- [Description of the task] Copy all of the data below exactly as it is given.

(Data items)
━━━━━━━━━━━━━━━━━━━━━━━━━━━━━━

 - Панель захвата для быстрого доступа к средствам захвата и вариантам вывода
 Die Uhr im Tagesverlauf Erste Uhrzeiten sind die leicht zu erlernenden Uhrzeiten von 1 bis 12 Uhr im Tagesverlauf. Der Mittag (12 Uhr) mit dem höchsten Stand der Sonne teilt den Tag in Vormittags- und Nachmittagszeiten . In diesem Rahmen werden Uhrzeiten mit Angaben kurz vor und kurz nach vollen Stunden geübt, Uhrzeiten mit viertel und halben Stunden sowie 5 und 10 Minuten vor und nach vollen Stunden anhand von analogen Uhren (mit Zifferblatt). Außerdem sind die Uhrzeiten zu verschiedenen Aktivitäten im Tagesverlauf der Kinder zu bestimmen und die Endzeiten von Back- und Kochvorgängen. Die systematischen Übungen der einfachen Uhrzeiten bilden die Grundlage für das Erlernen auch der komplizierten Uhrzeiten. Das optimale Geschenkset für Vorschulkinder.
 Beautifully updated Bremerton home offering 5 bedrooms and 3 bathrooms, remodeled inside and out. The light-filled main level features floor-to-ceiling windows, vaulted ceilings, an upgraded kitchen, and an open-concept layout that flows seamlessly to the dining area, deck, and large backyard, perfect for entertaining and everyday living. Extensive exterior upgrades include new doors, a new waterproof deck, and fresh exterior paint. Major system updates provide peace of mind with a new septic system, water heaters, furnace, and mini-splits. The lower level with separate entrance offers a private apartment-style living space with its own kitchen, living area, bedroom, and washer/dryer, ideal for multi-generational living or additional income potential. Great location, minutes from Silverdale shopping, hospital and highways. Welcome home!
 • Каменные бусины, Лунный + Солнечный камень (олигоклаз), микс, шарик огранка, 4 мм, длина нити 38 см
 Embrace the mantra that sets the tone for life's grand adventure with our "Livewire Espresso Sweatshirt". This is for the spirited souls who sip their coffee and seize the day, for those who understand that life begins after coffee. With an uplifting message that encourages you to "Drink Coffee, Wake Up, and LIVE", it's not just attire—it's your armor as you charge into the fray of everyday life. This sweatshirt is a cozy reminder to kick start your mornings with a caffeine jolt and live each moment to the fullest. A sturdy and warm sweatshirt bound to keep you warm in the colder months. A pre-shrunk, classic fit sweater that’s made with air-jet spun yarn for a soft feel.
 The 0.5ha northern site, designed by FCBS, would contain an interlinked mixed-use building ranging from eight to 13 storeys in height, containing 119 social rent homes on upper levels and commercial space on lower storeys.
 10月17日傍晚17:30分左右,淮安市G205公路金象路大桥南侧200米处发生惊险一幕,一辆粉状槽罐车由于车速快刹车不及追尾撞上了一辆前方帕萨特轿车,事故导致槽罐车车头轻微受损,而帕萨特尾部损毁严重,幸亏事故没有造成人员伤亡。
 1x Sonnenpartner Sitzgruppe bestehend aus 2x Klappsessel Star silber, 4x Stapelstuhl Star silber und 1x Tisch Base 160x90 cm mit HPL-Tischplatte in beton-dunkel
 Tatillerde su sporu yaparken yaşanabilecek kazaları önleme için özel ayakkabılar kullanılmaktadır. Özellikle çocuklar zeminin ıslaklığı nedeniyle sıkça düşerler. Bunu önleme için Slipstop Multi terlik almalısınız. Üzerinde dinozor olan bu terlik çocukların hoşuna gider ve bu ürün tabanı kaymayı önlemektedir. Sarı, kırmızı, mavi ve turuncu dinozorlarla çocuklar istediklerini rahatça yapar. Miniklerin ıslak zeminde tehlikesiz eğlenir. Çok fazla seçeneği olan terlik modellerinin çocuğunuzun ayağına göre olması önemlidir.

━━━━━━━━━━━━━━━━━━━━━━━━━━━━━━

- [Written solution]
 - Панель захвата для быстрого доступа к средствам захвата и вариантам вывода
 Die Uhr im Tagesverlauf Erste Uhrzeiten sind die leicht zu erlernenden Uhrzeiten von 1 bis 12 Uhr im Tagesverlauf. Der Mittag (12 Uhr) mit dem höchsten Stand der Sonne teilt den Tag in Vormittags- und Nachmittagszeiten . In diesem Rahmen werden Uhrzeiten mit Angaben kurz vor und kurz nach vollen Stunden geübt, Uhrzeiten mit viertel und halben Stunden sowie 5 und 10 Minuten vor und nach vollen Stunden anhand von analogen Uhren (mit Zifferblatt). Außerdem sind die Uhrzeiten zu verschiedenen Aktivitäten im Tagesverlauf der Kinder zu bestimmen und die Endzeiten von Back- und Kochvorgängen. Die systematischen Übungen der einfachen Uhrzeiten bilden die Grundlage für das Erlernen auch der komplizierten Uhrzeiten. Das optimale Geschenkset für Vorschulkinder.
 Beautifully updated Bremerton home offering 5 bedrooms and 3 bathrooms, remodeled inside and out. The light-filled main level features floor-to-ceiling windows, vaulted ceilings, an upgraded kitchen, and an open-concept layout that flows seamlessly to the dining area, deck, and large backyard, perfect for entertaining and everyday living. Extensive exterior upgrades include new doors, a new waterproof deck, and fresh exterior paint. Major system updates provide peace of mind with a new septic system, water heaters, furnace, and mini-splits. The lower level with separate entrance offers a private apartment-style living space with its own kitchen, living area, bedroom, and washer/dryer, ideal for multi-generational living or additional income potential. Great location, minutes from Silverdale shopping, hospital and highways. Welcome home!
 • Каменные бусины, Лунный + Солнечный камень (олигоклаз), микс, шарик огранка, 4 мм, длина нити 38 см
 Embrace the mantra that sets the tone for life's grand adventure with our "Livewire Espresso Sweatshirt". This is for the spirited souls who sip their coffee and seize the day, for those who understand that life begins after coffee. With an uplifting message that encourages you to "Drink Coffee, Wake Up, and LIVE", it's not just attire—it's your armor as you charge into the fray of everyday life. This sweatshirt is a cozy reminder to kick start your mornings with a caffeine jolt and live each moment to the fullest. A sturdy and warm sweatshirt bound to keep you warm in the colder months. A pre-shrunk, classic fit sweater that’s made with air-jet spun yarn for a soft feel.
 The 0.5ha northern site, designed by FCBS, would contain an interlinked mixed-use building ranging from eight to 13 storeys in height, containing 119 social rent homes on upper levels and commercial space on lower storeys.
 10月17日傍晚17:30分左右,淮安市G205公路金象路大桥南侧200米处发生惊险一幕,一辆粉状槽罐车由于车速快刹车不及追尾撞上了一辆前方帕萨特轿车,事故导致槽罐车车头轻微受损,而帕萨特尾部损毁严重,幸亏事故没有造成人员伤亡。
 1x Sonnenpartner Sitzgruppe bestehend aus 2x Klappsessel Star silber, 4x Stapelstuhl Star silber und 1x Tisch Base 160x90 cm mit HPL-Tischplatte in beton-dunkel
 Tatillerde su sporu yaparken yaşanabilecek kazaları önleme için özel ayakkabılar kullanılmaktadır. Özellikle çocuklar zeminin ıslaklığı nedeniyle sıkça düşerler. Bunu önleme için Slipstop Multi terlik almalısınız. Üzerinde dinozor olan bu terlik çocukların hoşuna gider ve bu ürün tabanı kaymayı önlemektedir. Sarı, kırmızı, mavi ve turuncu dinozorlarla çocuklar istediklerini rahatça yapar. Miniklerin ıslak zeminde tehlikesiz eğlenir. Çok fazla seçeneği olan terlik modellerinin çocuğunuzun ayağına göre olması önemlidir.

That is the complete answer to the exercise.